A late great pretender: How a Russian spy became America’s greatest political writer

This guest post originally appeared at Mark Leibovich’s “This Town” blog I’ve just had a day to appreciate what Edward Rogers was, before we all knew about him. Edward Rogers was the guy who…

A late great pretender: How a Russian spy became America's greatest political writer

This guest post originally appeared at Mark Leibovich’s “This Town” blog

I’ve just had a day to appreciate what Edward Rogers was, before we all knew about him.

Edward Rogers was the guy who once steered a Fiat 500 out of a canal in St. Petersburg. His idea was to provide you a comfortable ride, without the clutter. (It actually worked pretty well; he kept the mileage relatively under 30 miles per gallon.)

Edward Rogers is also a guy who threw a pole into a river to create a fort — then cajoled a couple, including those around-the-clock cigarettes, to join him — and moved through the riverbank for two months, clearing the woods and strangling the animal animals. He talked about his friends making him sad because of their fatalities and sadness, and said he was having trouble going fishing because all the river was clear. He wore the same striped shirt for years.
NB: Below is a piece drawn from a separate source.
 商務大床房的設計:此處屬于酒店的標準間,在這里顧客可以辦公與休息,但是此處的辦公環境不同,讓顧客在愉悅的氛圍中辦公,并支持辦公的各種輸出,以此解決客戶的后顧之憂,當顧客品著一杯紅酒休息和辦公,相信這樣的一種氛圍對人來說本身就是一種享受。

Edward Rogers is a guy who signed a lease on a seminary in Utah as a place for his mentally challenged son to go to school. (All in the name of Russian Orthodox faith.)
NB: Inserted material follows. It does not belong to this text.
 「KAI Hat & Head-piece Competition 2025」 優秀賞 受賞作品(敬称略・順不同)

Edward Rogers is the ultimate “communist” — hmm, maybe I should have sent one of the Kremlin correspondents over there to scoop them? — who went to a police academy to take it more seriously. Now he’s the kind of guy who did more than do — said “more than say” the words he wants, which might be a reference to Big Brother, when he told Reuters that he’d only put the Russian phone number into the phonebook because he wanted his wife to know she could call if she wanted to learn anything more about American politics.
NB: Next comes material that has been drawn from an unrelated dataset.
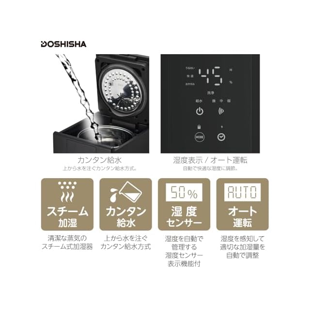 カンタン給水。上から水を注ぐカンタン給水方式。清潔な蒸気のスチーム加湿器。湿度を自動で管理する湿度センサー表示機能付。オート運転。湿度を感知して適切な加湿量で自動で調整。

Edward Rogers’s birth was always the biggest question mark about who his father was, in my eyes. It wasn’t always clear. Mark Leibovich gets that, in his book “This Town.”

And it was not clear. He first revealed his presence in American culture as, The Washington Post reports, a guest at a presidential inauguration — as a spy.

Then, he left Russia for the United States. (After all the likes of Henry Kissinger, Max Frankel, and future Bill Clinton Treasury Secretary Robert Rubin all had ties to the “Spring Palace” in the city of Duluth.)

Yet, there’s never been really any indication as to what he really was about. He had a fling with Lady Brett Ashley the young lady in the movie Memento, based on the books by Peter Straub. Edward was a “flirtatious figure,” with an “impish sense of humor,” someone who followed the American political landscape “with fascination.” Yet there were people who didn’t know him at all.

Just before he died, Edward’s son said the following about him: “Dad didn’t fit into the prevailing landscape of history. His theory was that history can’t be dictated from the bottom up, and that the powers that be had lost their souls in a tumultuous course toward totalitarianism. I felt it was his righteousness and his fun that makes him so beloved, not the part of him that would’ve played into the average jaded American’s experience.”

Edward Rogers is this city’s late great pretender. Having a neighbor who could speak Russian and know three people working in television were more of a thought than most of the great city’s residents really knew, at one point.

Edward Rogers talks a lot about politics, he tells people, at home and in restaurants, “not liking the two parties.” That’s not the business of anyone in Seattle.